For the V-Pipe to Silo implementation we carry through the following metadata:

  "metadata":{
    "read_id":"AV233803:AV044:2411515907:1:10805:5199:3294",
    "sample_id":"A1_05_2024_10_08",
    "batch_id":"20241024_2411515907",
    "sampling_date":"2024-10-08",
    "sequencing_date":"2024-10-24",
    "location_name":"Lugano (TI)",
    "read_length":"250","primer_protocol":"v532",
    "location_code":"05",
    "flow_cell_serial_number":"2411515907"
    "sequencing_well_position":"A1",
    "primer_protocol_name":"SARS-CoV-2 ARTIC V5.3.2",
    "nextclade_reference":"sars-cov-2"
    }

Setting up the repository

To build the package and maintain dependencies, we use Poetry.
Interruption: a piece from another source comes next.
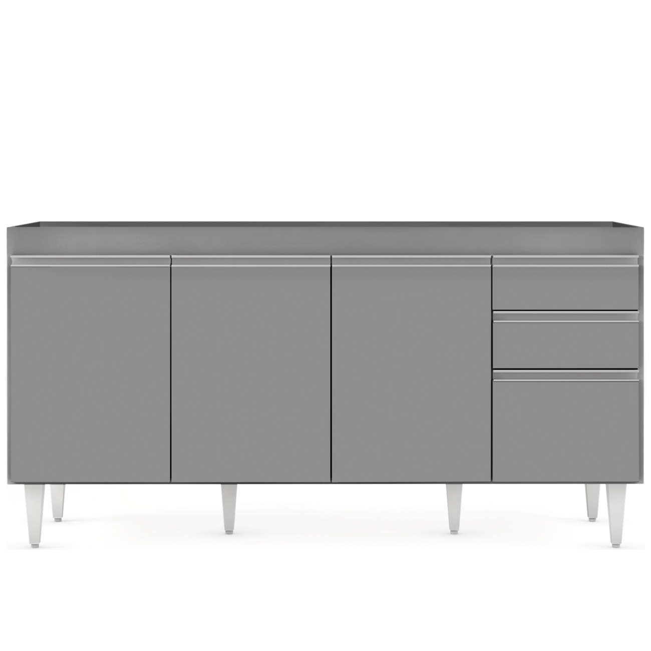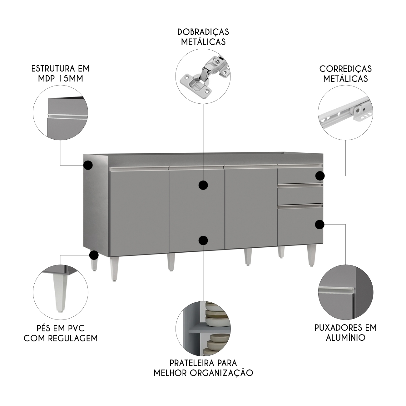 Composto por quatro portas com puxadores em perfil metálico e duas gavetas, oferece excelente espaço interno para guardar utensílios, panelas e talheres, mantendo tudo sempre acessível.

In particular, it's good to install it and become familiar with its basic functionalities by reading the documentation.

Installation

The project uses a modular environment system to separate core functionality, development requirements, and workflow dependencies. Environment files are located in the environments/ directory:

Core Environment Setup

For basic usage of sr2silo:

make setup

This creates the core conda environment with essential dependencies and installs the package using Poetry.

Development Environment

For development work:

make setup-dev

This command sets up the development environment with Poetry.

Workflow Environment

For working with the snakemake workflow:

make setup-workflow

This creates an environment specifically configured for running the sr2silo in snakemake workflows.

All Environments

You can set up all environments at once:

make setup-all

Additional Setup for Development

After setting up the development environment:

conda activate sr2silo-dev
poetry install --with dev
poetry run pre-commit install

Run Tests

make test

or

conda activate sr2silo-dev
pytest

Run CLI

The sr2silo CLI has two main commands:

  1. run - Not yet implemented command for future functionality
  2. import-to-loculus - Convert BAM alignments to SILO format and optionally upload

Basic Usage

The main command you'll use is import-to-loculus:

sr2silo import-to-loculus \
    --input-file INPUT.bam \
    --sample-id SAMPLE_ID \
    --batch-id BATCH_ID \
    --timeline-file TIMELINE.tsv \
    --primer-file PRIMERS.yaml \
    --output-fp OUTPUT.ndjson \
    --reference sars-cov-2

Required Arguments

  • --input-file, -i: Path to the input BAM alignment file
  • --sample-id, -s: Sample ID to use for metadata
  • --batch-id, -b: Batch ID to use for metadata
  • --timeline-file, -t: Path to the timeline metadata file
  • --primer-file, -p: Path to the primers configuration file
  • --output-fp, -o: Path for the output file (will be auto-suffixed with .ndjson.zst)

Optional Arguments

  • --reference, -r: Reference genome to use (default: "sars-cov-2")
  • --upload/--no-upload: Whether to upload results to S3 and submit to SILO (default: no-upload)

Example Usage

Here's a complete example with sample data:

sr2silo import-to-loculus \
    --input-file ./data/sample/alignments/REF_aln_trim.bam \
    --sample-id "A1_05_2024_10_08" \
    --batch-id "20241024_2411515907" \
    --timeline-file ./data/timeline.tsv \
    --primer-file ./data/primers.yaml \
    --output-fp ./results/output.ndjson \
    --reference sars-cov-2

To also upload the results to SILO, add the --upload flag:

sr2silo import-to-loculus \
    # ...same arguments as above... \
    --upload

Tool Sections

The code quality checks run on GitHub can be seen in

  • .github/workflows/test.yml for the python package CI/CD,

We are using:

  • Ruff to lint the code.
  • Black to format the code.
  • Pyright to check the types.
  • Pytest to run the unit tests code and workflows.
  • Interrogate to check the documentation.

Contributing

This project welcomes contributions and suggestions. For details, visit the repository's Contributor License Agreement (CLA) and Code of Conduct pages.